On Wed, Apr 24, 2019 at 12:54 PM Pavel Tatashin
<pasha.tatashin@xxxxxxxxxx> wrote:
>
> <resending> from original email
>
> On Wed, Apr 24, 2019 at 3:48 PM Pavel Tatashin
> <patatash@xxxxxxxxxxxxxxxxxxx> wrote:
> >
> > On Wed, Apr 24, 2019 at 5:07 AM Anshuman Khandual
> > <anshuman.khandual@xxxxxxx> wrote:
> > >
> > > On 04/24/2019 02:08 AM, Pavel Tatashin wrote:
> > > > sparsemem section size determines the maximum size and alignment that
> > > > is allowed to offline/online memory block. The bigger the size the less
> > > > the clutter in /sys/devices/system/memory/*. On the other hand, however,
> > > > there is less flexability in what granules of memory can be added and
> > > > removed.
> > >
> > > Is there any scenario where less than a 1GB needs to be added on arm64 ?
> >
> > Yes, DAX hotplug loses 1G of memory without allowing smaller sections.

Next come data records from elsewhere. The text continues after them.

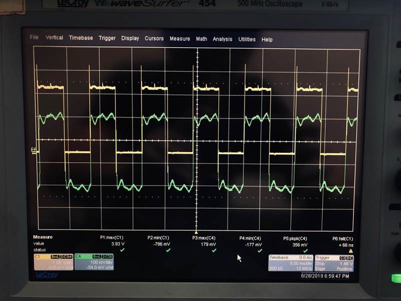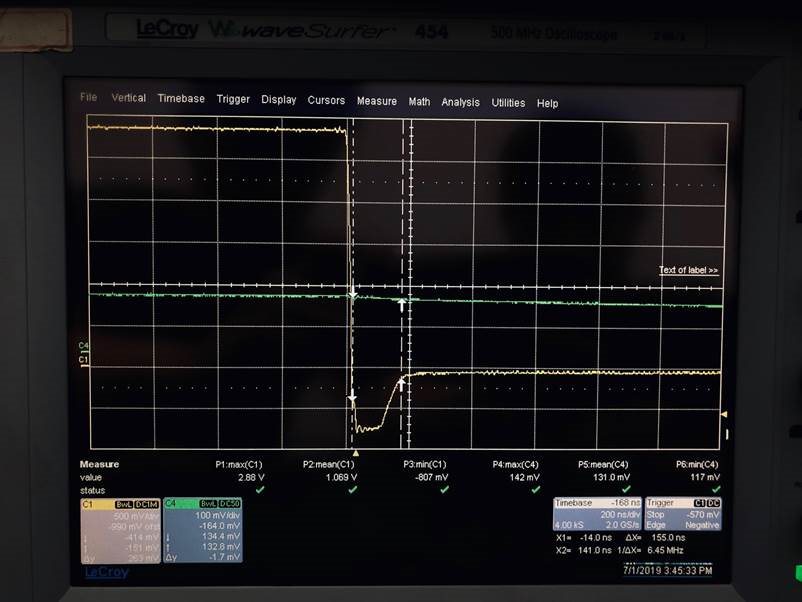 The waveform shows the overshoot and undershoot at the output is apparently large (-800mV) around 155ns.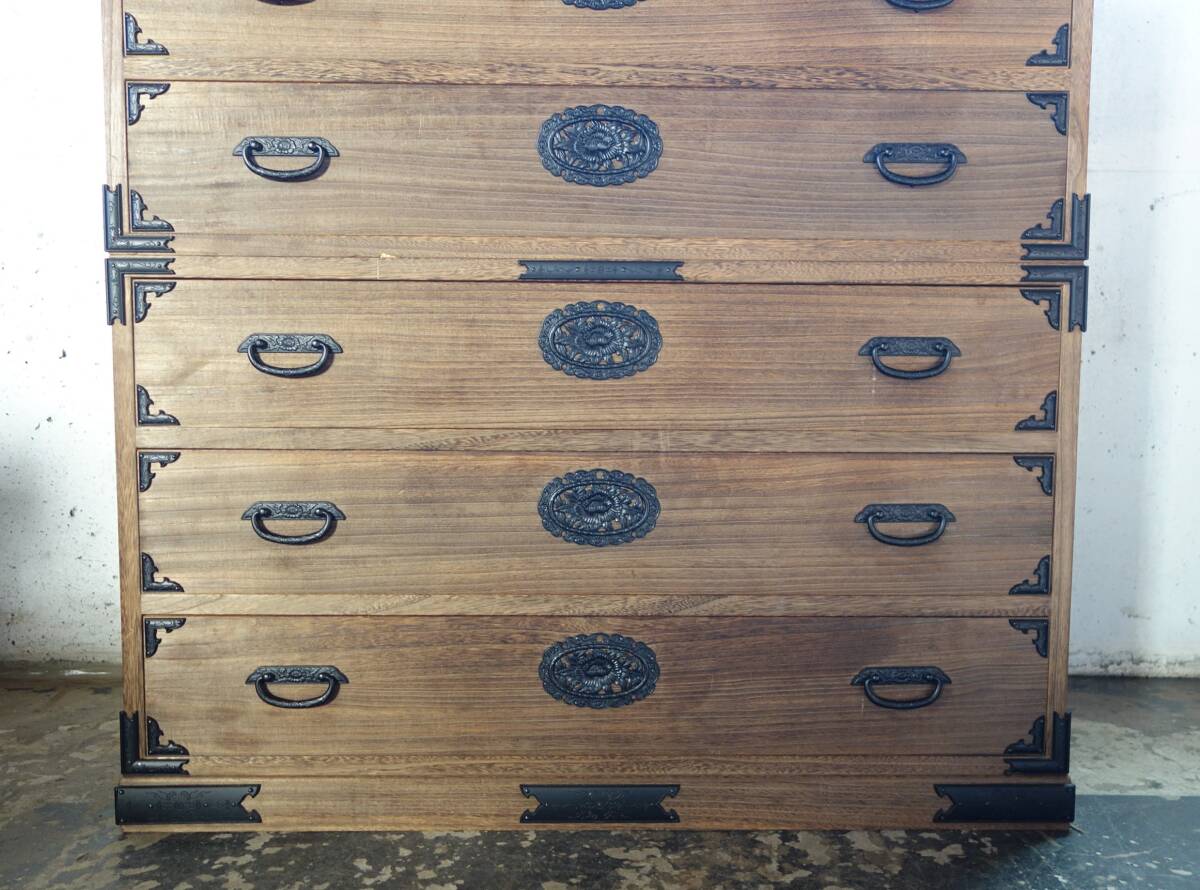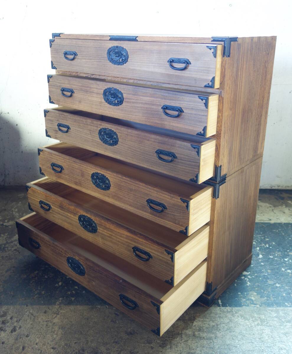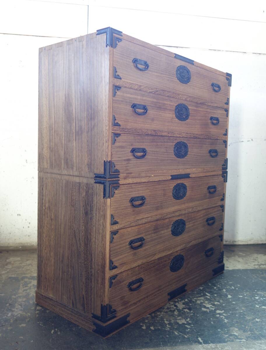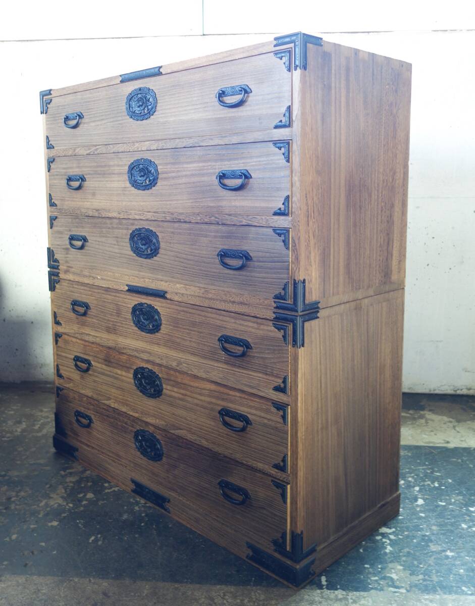 *伝統工芸 工芸美術 レトロ 高級和家具 箪笥 *日本製 生産地 岩手県 *桐箪笥 重箪笥 二段六杯 桐天然木 本焼みがき仕上 *花唐草 牡丹花文 金具黒色 *EY-530 1407-3 *鍵と転倒防止金具 付属 *丸石商事株式会社謹製 |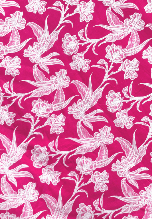 Regular price From Rs. 280.00Regular priceUnit price / perSale price From Rs. 280.00Vibrant Hot Pink Floral Cotton Fabric with Intricate White Botanical Screen Prints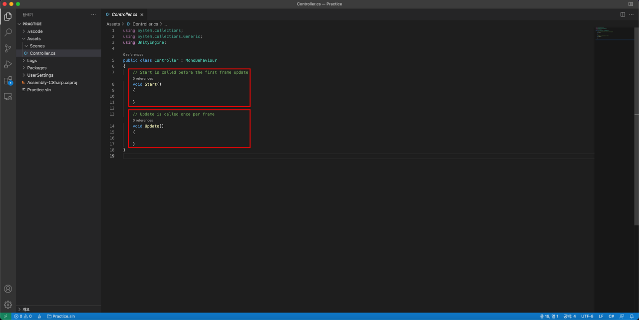 VSCode를 통해 스크립트를 열게 되면 우리가 이름 지었던 그대로 `Controller`라는 클래스가 있고 그 안에 `Start()`와 `Update()`라는 함수가 있다.▼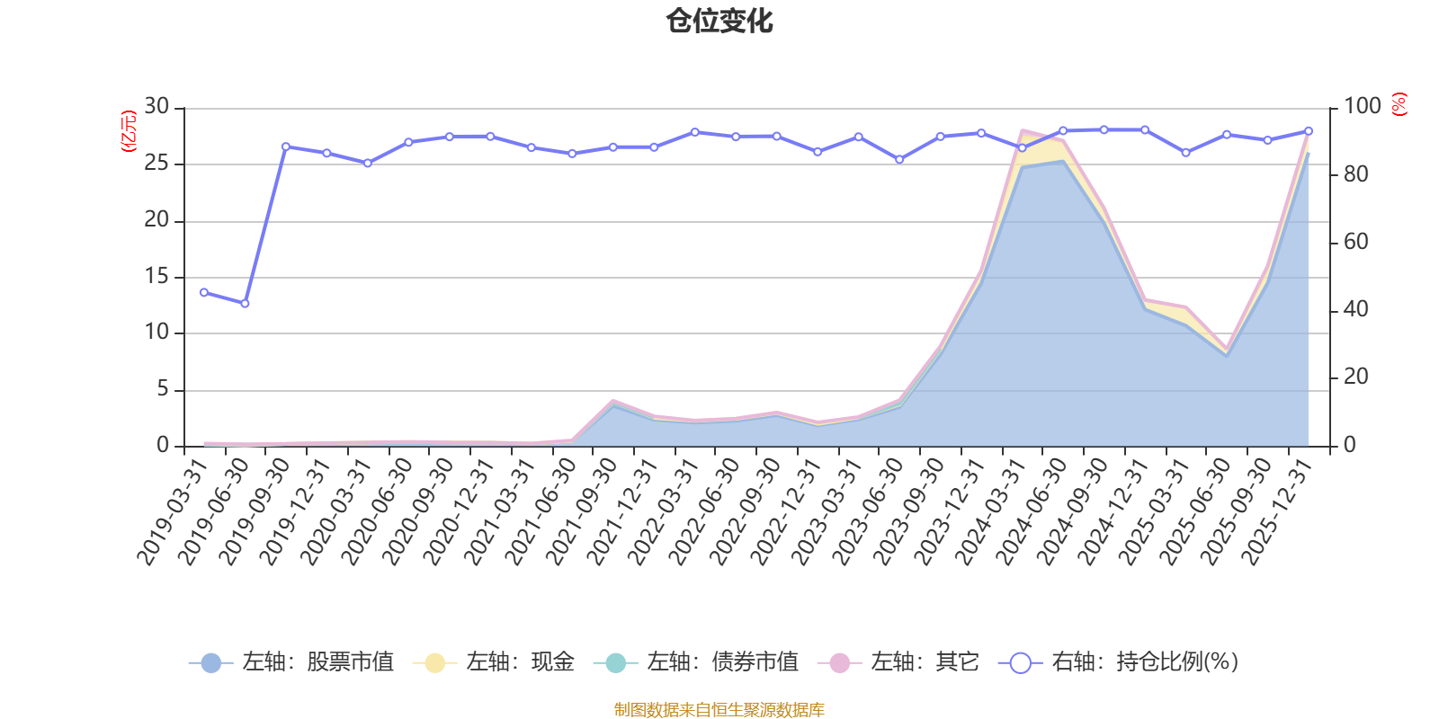 据定期报告数据统计,近三年平均股票仓位为90.93%,同类平均为72.57%。2024年三季度末基金达到93.54%的最高仓位,2019年上半年末最低,为42.19%。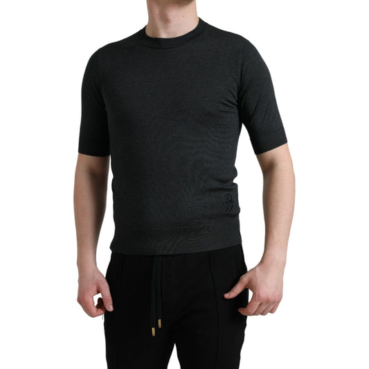 تي شيرت دولتشي آند غابانا الأنيق من الحرير بياقة دائرية باللون الرمادي الداكن

> > Machines on which we are going to be using this functionality have 8G
> > of System RAM, therefore losing 1G is a big problem.
> >
> > For details about using scenario see this cover letter:
> > https://lore.kernel.org/lkml/20190421014429.31206-1-pasha.tatashin@xxxxxxxxxx/
> >
> > >
> > > >
> > > > Recently, it was enabled in Linux to hotadd persistent memory that
> > > > can be either real NV device, or reserved from regular System RAM
> > > > and has identity of devdax.
> > >
> > > devdax (even ZONE_DEVICE) support has not been enabled on arm64 yet.
> >
> > Correct, I use your patches to enable ZONE_DEVICE, and thus devdax on ARM64:
> > https://lore.kernel.org/lkml/1554265806-11501-1-git-send-email-anshuman.khandual@xxxxxxx/
> >
> > >
> > > >
> > > > The problem is that because ARM64's section size is 1G, and devdax must
> > > > have 2M label section, the first 1G is always missed when device is
> > > > attached, because it is not 1G aligned.
> > >
> > > devdax has to be 2M aligned ? Does Linux enforce that right now ?
> >
> > Unfortunately, there is no way around this. Part of the memory can be
> > reserved as persistent memory via device tree.
> > memory@40000000 {
> > device_type = "memory";
> > reg = < 0x00000000 0x40000000
> > 0x00000002 0x00000000 >;
> > };
> >
> > pmem@1c0000000 {
> > compatible = "pmem-region";
> > reg = <0x00000001 0xc0000000
> > 0x00000000 0x80000000>;
> > volatile;
> > numa-node-id = <0>;
> > };
> >
> > So, while pmem is section aligned, as it should be, the dax device is
> > going to be pmem start address + label size, which is 2M. The actual
> > DAX device starts at:
> > 0x1c0000000 + 2M.
> >
> > Because section size is 1G, the hotplug will able to add only memory
> > starting from
> > 0x1c0000000 + 1G

This is yet another example of where we need to break down the section
alignment requirement for arch_add_memory().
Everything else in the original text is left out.